Kerala's plantation industry is looking for policy support from the State government to sustain the sector, which is passing through a severe crisis due to the high cost of production and a drought.

Industry representatives who met State Finance Minister Thomas Issac sought support by way of abolition of plantation tax and agricultural income tax, removal of seigniorage on rubber trees and financial support for soil and water conservation facilities.

The representatives highlighted the urgency in the wake of the severe crop loss and estates' inability to offer employees work.

“If this situation continues and if the MNREGS programmes can be extended to the plantation workers during this summer season, it will mitigate the ill effects of climate change on employment”, said Thomas Jacob, Chairman, Association of Planters of Kerala (APK).

Production plummets

APK, in a pre budget memorandum, pointed out that the plantation sector is passing through one of the worst droughts in 115 years and output has plunged 30 per cent in tea, 14 per cent in rubber, 60 per cent in cardamom and 40 per cent in coffee.

Kerala is the only state in South India to levy agricultural income tax at 30 per cent whereas it is zero in Tamil Nadu.

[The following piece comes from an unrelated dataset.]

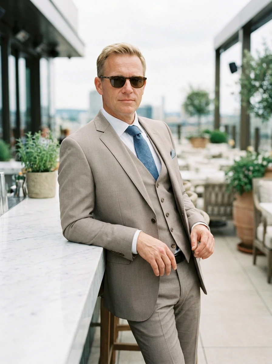 A bézs öltöny kiváló választás nyári eseményekre. Párosítsd egy világoskék, lenvászon inggel, amit nyugodtan viselhetsz nyakkendő nélkül, lazán kigombolva. Egy pasztellszínű, mintás zsebkendővel és a képen látható barna loafer cipővel könnyed, mégis elegáns szettet kapsz, ami kényelmes a melegebb időben is.
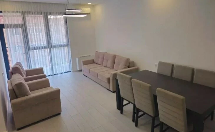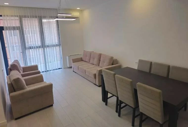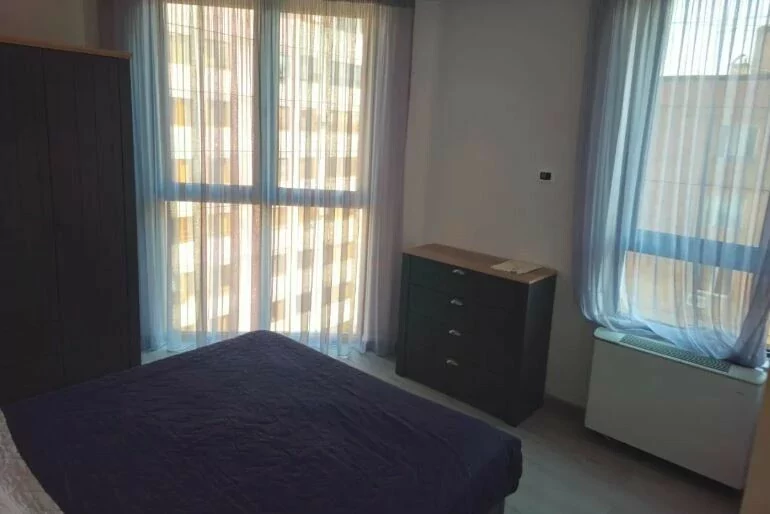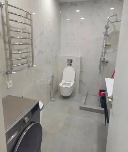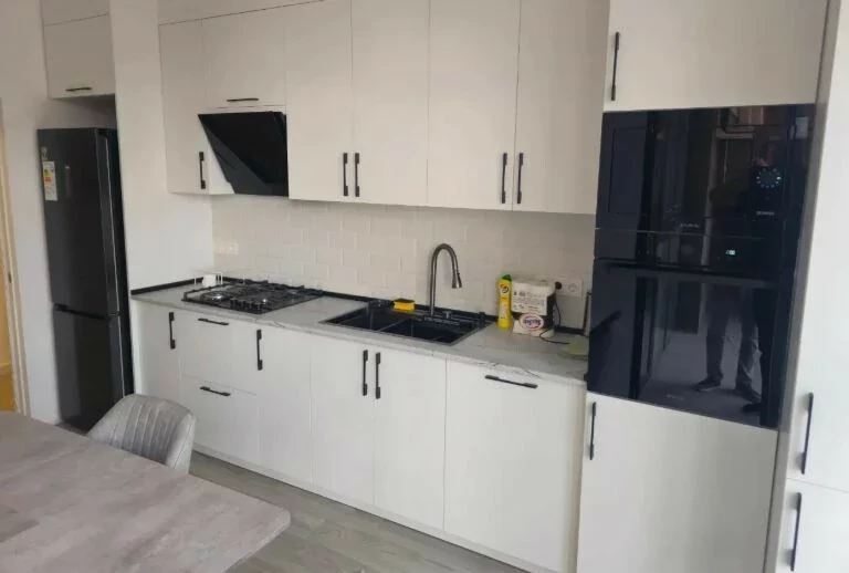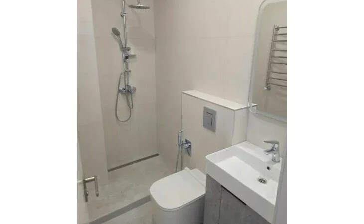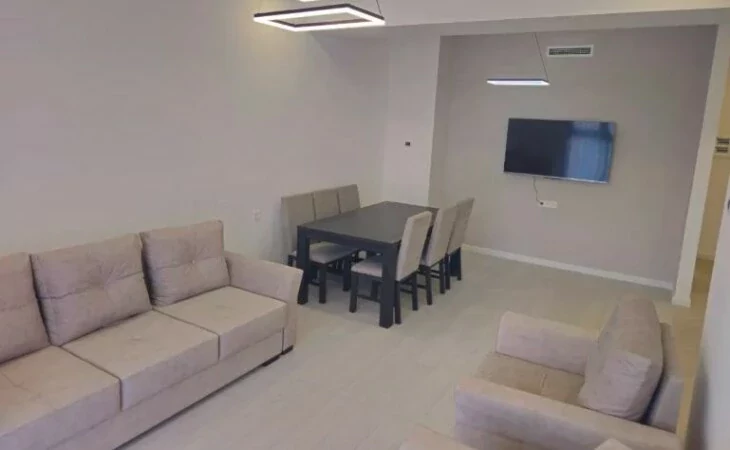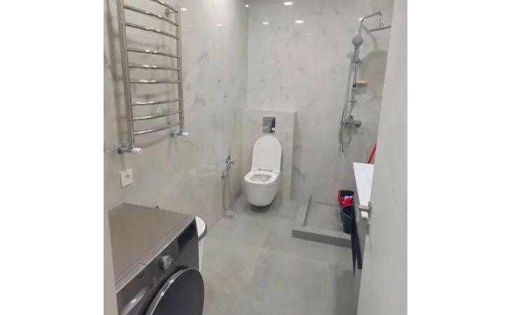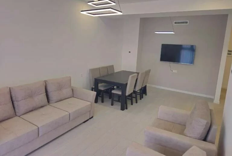 Сдаётся в аренду 3-комнатная квартира в новостройке, красивая, уютная и светлая, общей площадью 91 кв. м. Расположена на 9-м этаже современной и качественной новостройки, 16-этажного монолитного дома. В квартире выполнен дизайнерский ремонт с использованием высококачественных материалов. Вы будете первым жильцом. Квартира полностью нежилая. Кухня отдельная и оборудована всей необходимой бытовой техникой. На полу – качественный европейский ламинат и плитка. В квартире 2 санузла: * большая и удобная общая ванная комната * второй санузел с доступом прямо из главной спальни Ванные комнаты отделаны плиткой и оснащены всей необходимой сантехникой. В квартире есть открытый балкон, на который можно выйти как из кухни, так и из гостиной. В квартире есть все коммуникации. Квартира меблирована и оборудована необходимой бытовой техникой: * Индивидуальная система отопления * Кондиционер * Микроволновая печь * Газовая плита * Холодильник * Стиральная машина * Телевизор * Чайник * Посуда * Постельное белье Дом удобно расположен, рядом находятся: * Супермаркеты * Банки * Магазины * Детский сад * Школа * Парки и зеленые зоны

This high rate put the industry without any surplus to plough back into plantations for further development, thus leaving it perennially sick.

With regard to seigniorage on rubber trees, the planters body said that Kerala levies ₹2,500 per cubic metre, nearly the value of timber. Rubber cultivation being an agricultural operation, it is unjustifiable for seigniorage to be levied on trees, it said.

Thus resource-generation capacity to replant from existing rubber plantations has become highly restricted.

This exorbitant rate depletes grower from funds to take up re-plantation, the body added.